もっと簡単に言えば、データを解析し必要なデータを取り出すことです。
本日はこのパース処理を、Elixirという言語で行う一例をご紹介します。
なぜ、Elixirがいいの?
Elixirは関数型言語の一種で、処理を簡潔に書きやすく、並列処理を簡単に実装でき、さらに耐障害性にも優れているという特徴があります。
並列処理とはその名の通り、複数のプロセスを並列に実行して処理を進める方法で、実行順序が保証されない代わりに、1つのプロセスによる逐次処理もはるかに高速で処理ができるメリットがあります。

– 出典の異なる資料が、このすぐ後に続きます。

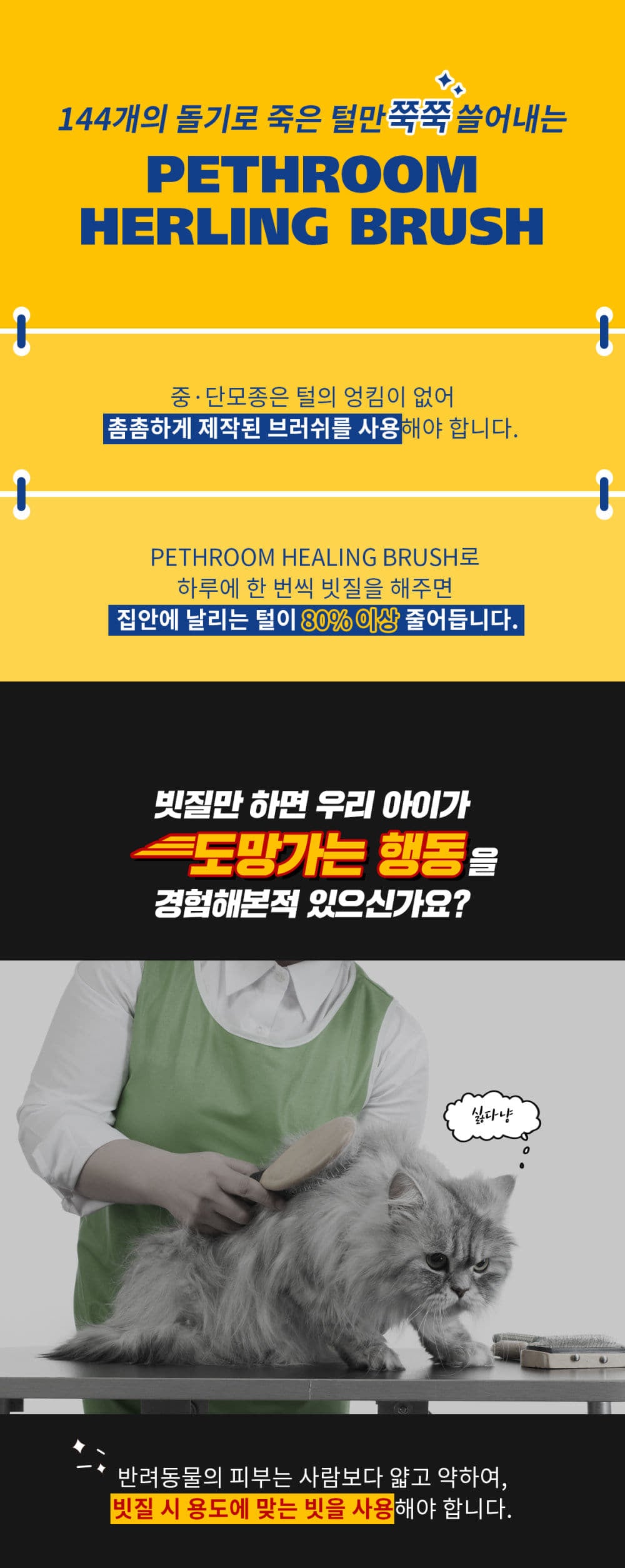 A. Pets have thin skin, so they may experience injuries when using an irritating brush.
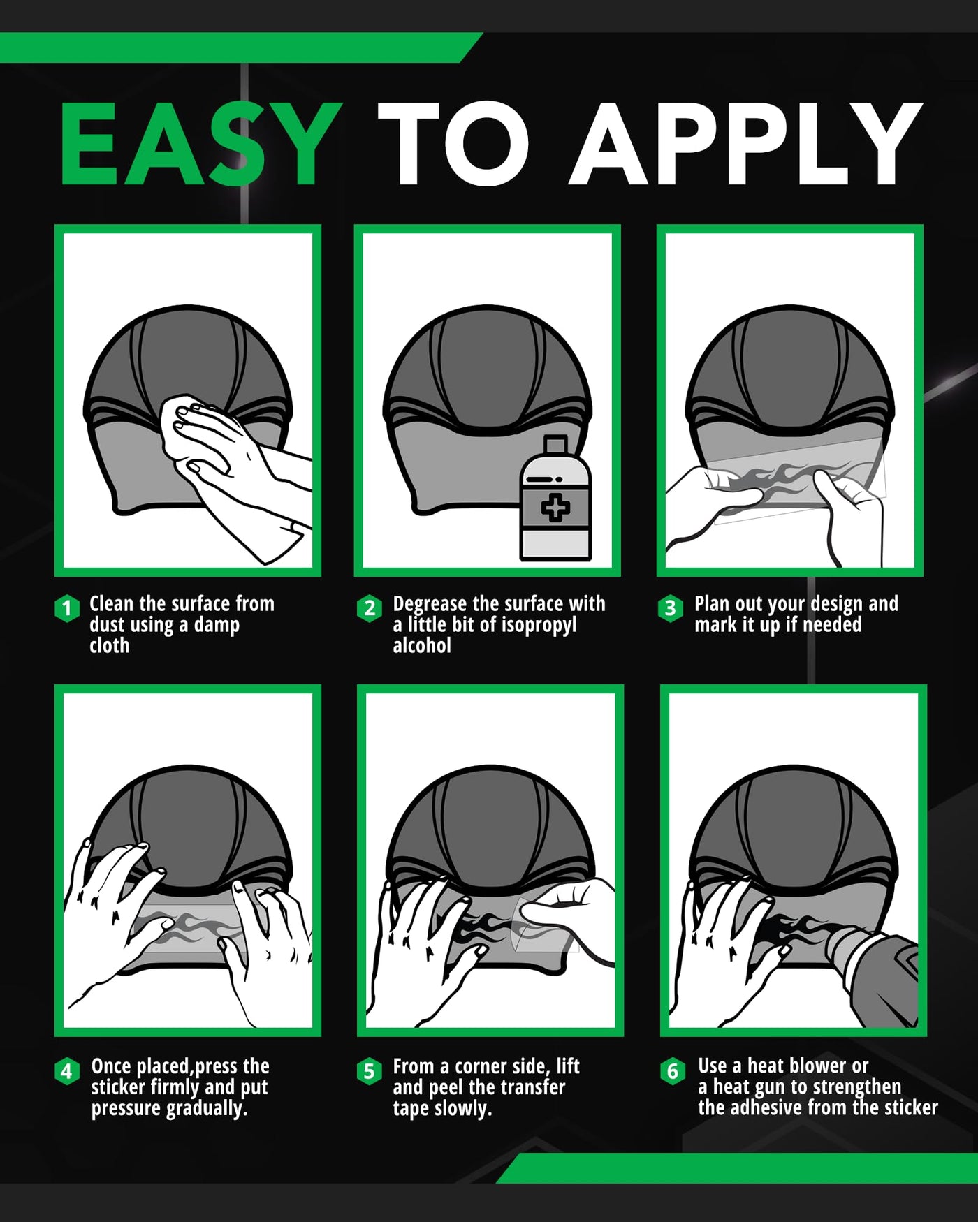 Q: What are Flame Decals Reflective used for?A: Flame Decals Reflective are designed for a variety of applications including helmets, motorcycles, bikes, hard hats, computers, phones, and tablets. They enhance visibility in low light conditions, making them ideal for safety.

その性質からElixirは、時として1分間に数百万件超のリクエストを捌く必要のあるソーシャルゲームのバックエンドシステムや監視システムへの採用事例が多く、同じように多数のリクエストが想定されるパース処理にも適した言語なのです。
コード
それでは早速サンプルコードを見ていきましょう。
今回はパーサコンビネーター※として、多機能で利用者数も多いNimbleParsecライブラリを利用しています。(※パーサコンビネーター = 複数のパーサーを連結して、より複雑なパーサーを作るためのツール。)
defmodule MyParser do
import NimbleParsec
date = ignore(string("["))
|> ascii_string([not: ?]], min: 1)
|> ignore(string("]"))
|> tag(:date)
level = ignore(string("["))
|> ascii_string([not: ?]], min: 1)
|> ignore(string("]"))
|> tag(:level)
pid = ignore(string("["))
|> ascii_string([not: ?]], min: 1)
|> ignore(string("]"))
|> tag(:pid)
client = ignore(string("["))
|> ascii_string([not: ?]], min: 1)
|> ignore(string("]"))
|> tag(:client)
message = ascii_string([],min: 1) |> unwrap_and_tag(:note)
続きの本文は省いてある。